Task goal - Reproduce all the records word for word. Omit images.

Extracted data -
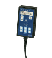 ジャッキ操作用のリモコン。ON/OFF操作の他、左/右単独での伸長・収納ができます。4本使用時は前後ジャッキの切換ができます。
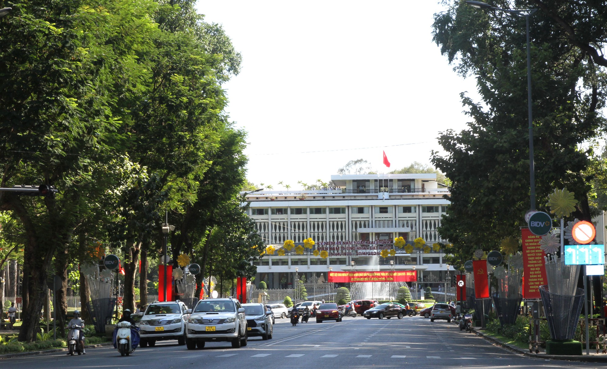 Khu vực Dinh Độc Lập rực rỡ cờ hoa chào mừng kỷ niệm 49 năm Ngày Giải phóng miền Nam.
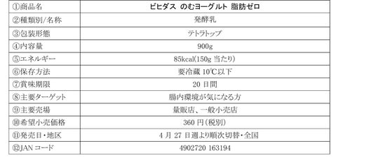 「ビヒダス のむヨーグルト 脂肪ゼロ」は、酸味を抑えた、乳のまろやかな味わいが特長の大容量(900g)のむヨーグルトです。脂質を気にしている方も毎日続けやすい脂肪ゼロタイプです。この度、生きて大腸まで届き、腸内環境を整える機能が報告されている『ビフィズス菌 BB536』を機能性関与成分とした機能性表示食品としてリニューアル発売いたします。味わいはそのままに、おなかの健康価値を強化することで、お客さまのニーズにより一層応えてまいります。「ビヒダス のむヨーグルト 脂肪ゼロ」をお召しあがりいただき、腸のケアにお役立てください。
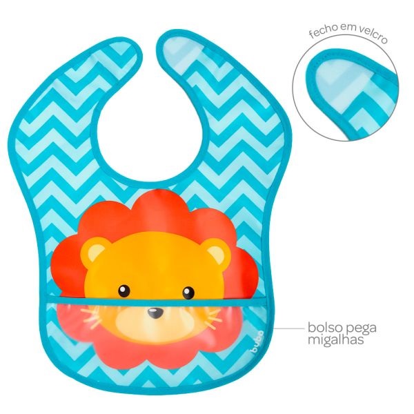 \par O Babador Imperme\'e1vel Buba \'e9 ideal para as mam\'e3es que querem praticidade e leveza no dia a dia das crian\'e7as. Possui tecido imperme\'e1vel que facilita a limpeza e protege o beb\'ea dos respingos da alimenta\'e7\'e3o. A mam\'e3e poder\'e1 manter a roupinha do seu Pr\'edncipe ou Princesa sempre limpinha! Vem com bolso na posi\'e7\'e3o frontal que serve como cata migalha evita o desperd\'edcio durante as refei\'e7\'f5es. Possui fecho colante que se ajusta ao pesco\'e7o do seu beb\'ea. Com suas cores alegres e estampas divertidas, os babadores Buba far\'e3o do momento da refei\'e7\'e3o uma ocasi\'e3o mais feliz!
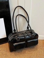 1個 FEISTURE 無地 PU マルチポケット ボーリングバッグ、斜めがけ/脇下 レディースバッグ(フェイクパールチャーム付) ショッピング、デート、女性へのギフトに最適、ティーンエイジャー、大学生、初心者、オフィスワーカーにも、オフィス、大学、仕事、通勤に最適、彼女への完璧なバレンタインデーのギフト、最高のバレンタインギフトの選択

Task result -
 ジャッキ操作用のリモコン。ON/OFF操作の他、左/右単独での伸長・収納ができます。4本使用時は前後ジャッキの切換ができます。
 Khu vực Dinh Độc Lập rực rỡ cờ hoa chào mừng kỷ niệm 49 năm Ngày Giải phóng miền Nam.
 「ビヒダス のむヨーグルト 脂肪ゼロ」は、酸味を抑えた、乳のまろやかな味わいが特長の大容量(900g)のむヨーグルトです。脂質を気にしている方も毎日続けやすい脂肪ゼロタイプです。この度、生きて大腸まで届き、腸内環境を整える機能が報告されている『ビフィズス菌 BB536』を機能性関与成分とした機能性表示食品としてリニューアル発売いたします。味わいはそのままに、おなかの健康価値を強化することで、お客さまのニーズにより一層応えてまいります。「ビヒダス のむヨーグルト 脂肪ゼロ」をお召しあがりいただき、腸のケアにお役立てください。
 \par O Babador Imperme\'e1vel Buba \'e9 ideal para as mam\'e3es que querem praticidade e leveza no dia a dia das crian\'e7as. Possui tecido imperme\'e1vel que facilita a limpeza e protege o beb\'ea dos respingos da alimenta\'e7\'e3o. A mam\'e3e poder\'e1 manter a roupinha do seu Pr\'edncipe ou Princesa sempre limpinha! Vem com bolso na posi\'e7\'e3o frontal que serve como cata migalha evita o desperd\'edcio durante as refei\'e7\'f5es. Possui fecho colante que se ajusta ao pesco\'e7o do seu beb\'ea. Com suas cores alegres e estampas divertidas, os babadores Buba far\'e3o do momento da refei\'e7\'e3o uma ocasi\'e3o mais feliz!
 1個 FEISTURE 無地 PU マルチポケット ボーリングバッグ、斜めがけ/脇下 レディースバッグ(フェイクパールチャーム付) ショッピング、デート、女性へのギフトに最適、ティーンエイジャー、大学生、初心者、オフィスワーカーにも、オフィス、大学、仕事、通勤に最適、彼女への完璧なバレンタインデーのギフト、最高のバレンタインギフトの選択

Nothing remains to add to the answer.